Washington's next war _ an all-out military assault on Iraq _ has, in effect, already been declared. Like the war on Afghanistan, the coming attack on Iraq is being sold as the next step in the "War On Terrorism." In fact, it has already become the next step in preparing the American people for a state of permanent war.
What is the object of this war?
Forget the catch-words _ "War on Terrorism," "defense of freedom," etc. _ employed to make the war against Iraq and similar wars still to come palatable to the American people. Bush's "Axis of Evil" _ Iraq, Iran and North Korea, since expanded to include Cuba, Libya and Syria _ are clearly high on the Administration's wish list for future wars. Nor are these yearnings simply the wet dream of a testosterone-enhanced male military establishment.
Domination and Control
Urged on by Vice-President Cheney and other key figures in his administration, such as Defense Secretary Donald Rumsfeld and Attorney General John Ashcroft, Bush has set out to do what his father couldn't _ to establish a "New World Order" dominated and controlled by the most powerful economic and military entity the world has ever seen.
Simply put, the "New World Order" is a world based upon and structured to promote US political and economic interests. Once the world has been tamed, as determined by the Bush administration and their supporters, it will be an orderly world, "benevolently" dominated by Washington.
The bombing of the World Trade Center became the Administration's window of opportunity to implement this policy. (Does the search for such a window account for the pattern of ineptitude that prevailed in the intelligence establishment before 9/11? The White House was certainly anything but inept when it came to orchestrating the tidal wave of jingoism that followed.)
In the climate thus generated, Bush and his cohorts sought to make their vision of a "New World Order" the heart of US foreign policy for the foreseeable future. That vision, they know, cannot be realized unless the country can be sold on the preparation necessary for a permanent state of war.
"The goal of US foreign policy," says Richard Haass, Director of Policy Planning for the State Department, "should be to persuade the other major powers to sign on to certain key ideas as to how the world should operate."
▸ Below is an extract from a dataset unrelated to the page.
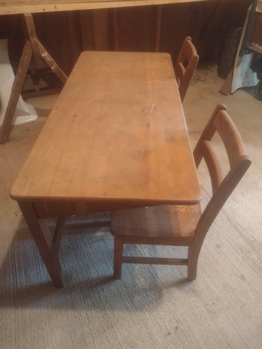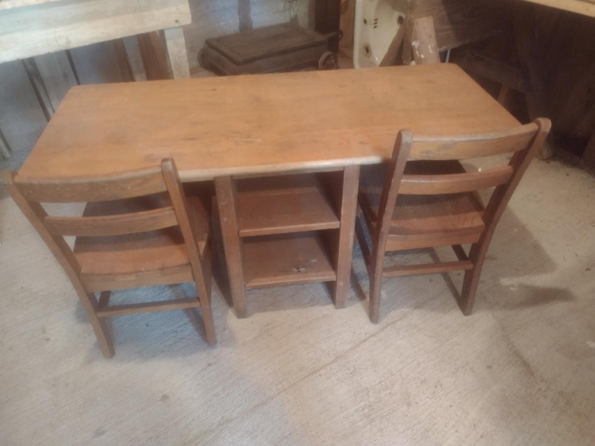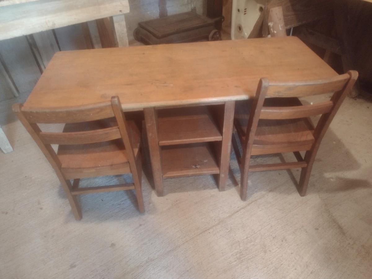 Vintage Maple Solid Wood Double Knee Hole Child's Library Table with Oak Chairs

Those ideas include the "War on Terrorism," suppressing _ by armed force, if necessary _ attempts by nations to develop weapons of mass destruction (except, of course, in the hands of "responsible" governments like the US or those whom we approve), and support for free trade, market economies. The objective, Haass adds, is "locking them (US allies) into these policies and then building institutions that lock them in even more."
Countries that resist this vision face the threat of pre-emptive military first-strikes in any war Washington decides to undertake in the name of the "War on Terrorism." Bush has already declared that every country "must choose... [either] with us or against us." These targeted states, says Haass, forfeit "the normal advantages of sovereignty, including the right to be left alone inside your own territory. Other governments, including the United States, gain the right to intervene."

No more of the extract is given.